When last we sailed, dear reader, I said, "Will somebody hide the damn rum?" Bad idea. In point of fact, rum should be mandatory for every man, woman, and child misguidedly attempting to make sense of the frantic Pirates of the Caribbean: At World's End. Okay, perhaps that's a tad extreme. But since the only two people who seem to be having any fun any more in this manic franchise are Johnny Depp—as flouncy, besotted pirate Captain Jack Sparrow—and Keith Richards—as his near-embalmed pop—maybe straight isn't the best way to appreciate the latest Jerry Bruckheimer maelstrom.
"The Maelstrom" is this installment's biggest setpiece, as exhausting as it is impressive, At Picture's End (sorry, folks, "Franchise's End" is too much to hope for). The stormy showdown of the scrappy pirates versus the fleet of the evil East India Trading Company marks the end of nearly three hours (or seven and a half hours, in entirety) of melodrama, mechanical action, inventive comedy from Depp, and shameless stupid pet tricks from a monkey. Through it all, Gore Verbinski has shown a certain visual flair but within the Bruckheimer style sheet--if Verbinski and Michael Bay are the next Spielbergs and Lucases (and they are), we're in a lot of trouble.
The plot, for those daring enough to consider it, involves every major character's overlapping selfish motives as the pirate's Brethren Court meets to determine what to do about the East India Company. Chow Yun-Fat shows up as one of the nine pirate lords, though his character proves mostly pointless, and Tom Hollander returns as Lord Beckett, East India's nasty prime mover. Screenwriters Ted Elliott and Terry Rossio seem to want to say something about hard-working, fierce independence ("by the sweat of our brows and the strength of our backs," sums up Geoffrey Rush's Captain Barbossa) over corrupt corporations.
But the Disney banner is hardly a Jolly Roger, and the pirates make their living by straight-up thieving. And then there's this film's opening scene, in which pirate-sympathetic working-class folk are being hung by East India, as a crier announces recently suspended rights—right to assembly, right to habeus corpus, right to legal counsel, right to verdict by peers—before warning that piracy or association with pirates is punishable by death. The ill-advised but clearly pointed parallel to modern politics hopelessly muddies the waters by suggesting the anarchic pirate "terrorists" don't just have more fun, but are crying-on-the-inside heroes by comparison to the heartless, evil Man. Elliott and Rossio have drifted fatally from the relatively clear amiable naughtiness, humorous anti-heroism, and jocular villainy of the first Pirates film.

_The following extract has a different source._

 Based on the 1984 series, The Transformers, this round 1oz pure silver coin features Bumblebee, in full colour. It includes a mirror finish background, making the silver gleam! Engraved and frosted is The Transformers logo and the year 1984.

Kids won't have any more luck just trying to understand the lumbering plot, which is needlessly complicated for a pirate picture. The picture's hollowness is apparent from the first mirthless, thrillless battle scene, which resembles nothing so much as one of those amusement-park stunt shows. Perhaps the best emblem of the franchise is Bill Nighy's Davy Jones wiping away a digital tear. Three plus-sized movies and it's still impossible to care about anything happening to any of these characters. In another unintentionally funny visual motif, the stiff-upper-lip Brit soldiers no longer bat an eyelash at strange fish-men all around them (frankly, the special effects have always been the supernatural rub of what could have been a simpler resurgence of swashbuckling adventure).
The film is only bearable when it's vaudevillian, which means that kids will latch onto Depp like floating driftwood salvation. With renewed energy, Depp nearly single-handedly saves the whole mess with whimsy that he's clearly helping to guide. As Sparrow's comic rival, Geoffrey Rush makes a good foil, but the wan, model-like ingenue-ity of Keira Knightley and Orlando Bloom again proves little help. (If you make it to the end, hang on a while longer for the post-credits scene that ties a bow on this (gulp) initial trilogy.)

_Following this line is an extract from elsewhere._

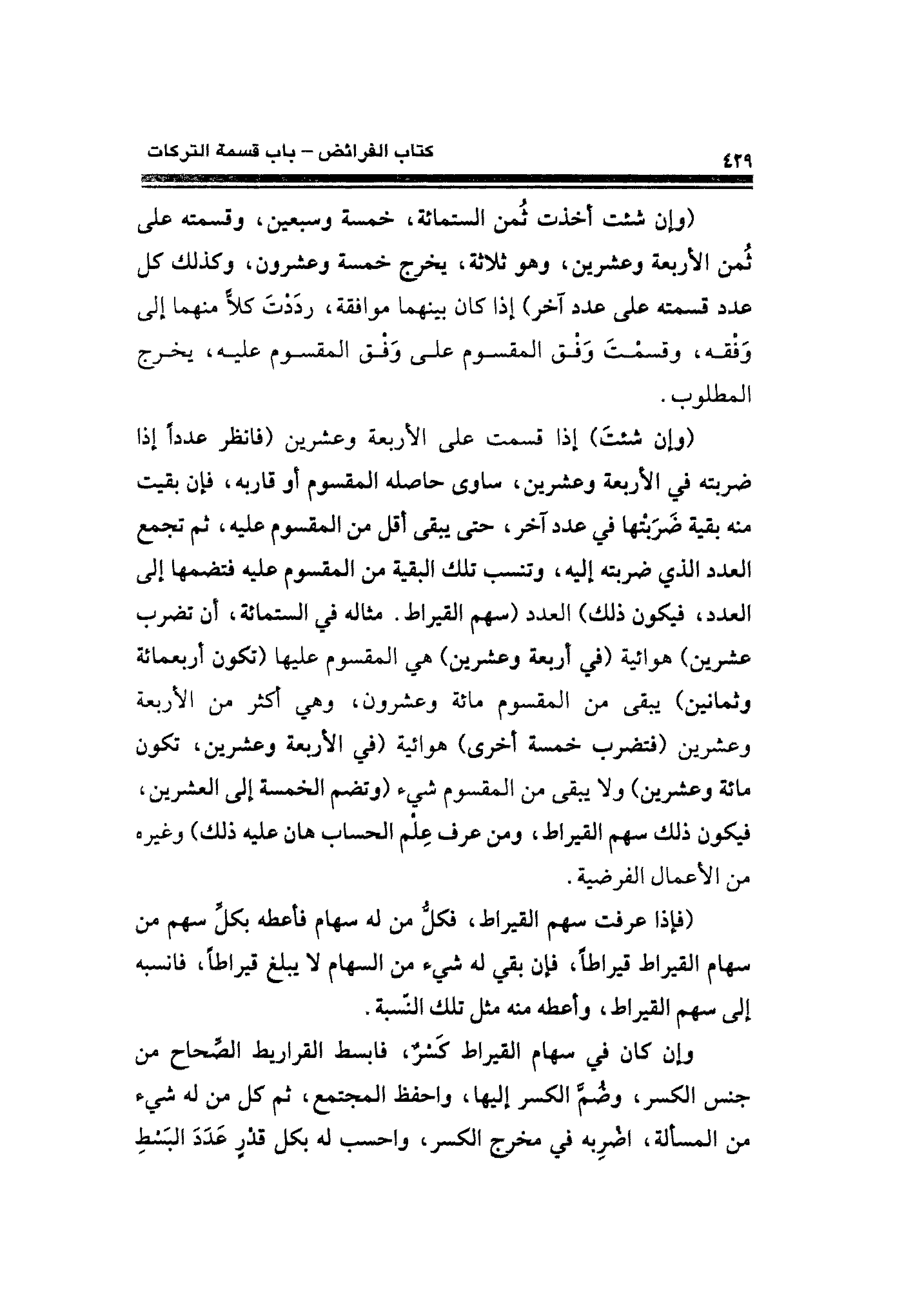 (فإذا عرفت سهم القيراط، فكلُّ من له سهام فأعطه بكلِّ سهم من سهام القيراط قيراطًا، فإن بقي له شيء من السهام لا يبلغ قيراطًا، فانسبه إلى سهم القيراط، وأعطه منه مثل تلك النسبة.

Watching Pirates of the Caribbean: At World's End, my thoughts couldn't help but stray to a movie that was unfortunately well ahead of its time. Considered a runaway production at the time (with a budget north of $40 million in 1989, compared to At World's End's $300 million plus), Terry Gilliam's The Adventures of Baron Munchausen is the movie Depp wishes he'd been making for the past four years: grand, outsized adventure with a great sense of humor but (wait for it...) good taste. With good pacing, spectacle with perspective, and a clear moral, it's the sort of movie kids should be watching right now instead of this compromising, heavily marketed Disney product. Parents, you have your marching orders...to the video store and not off the cineplex plank.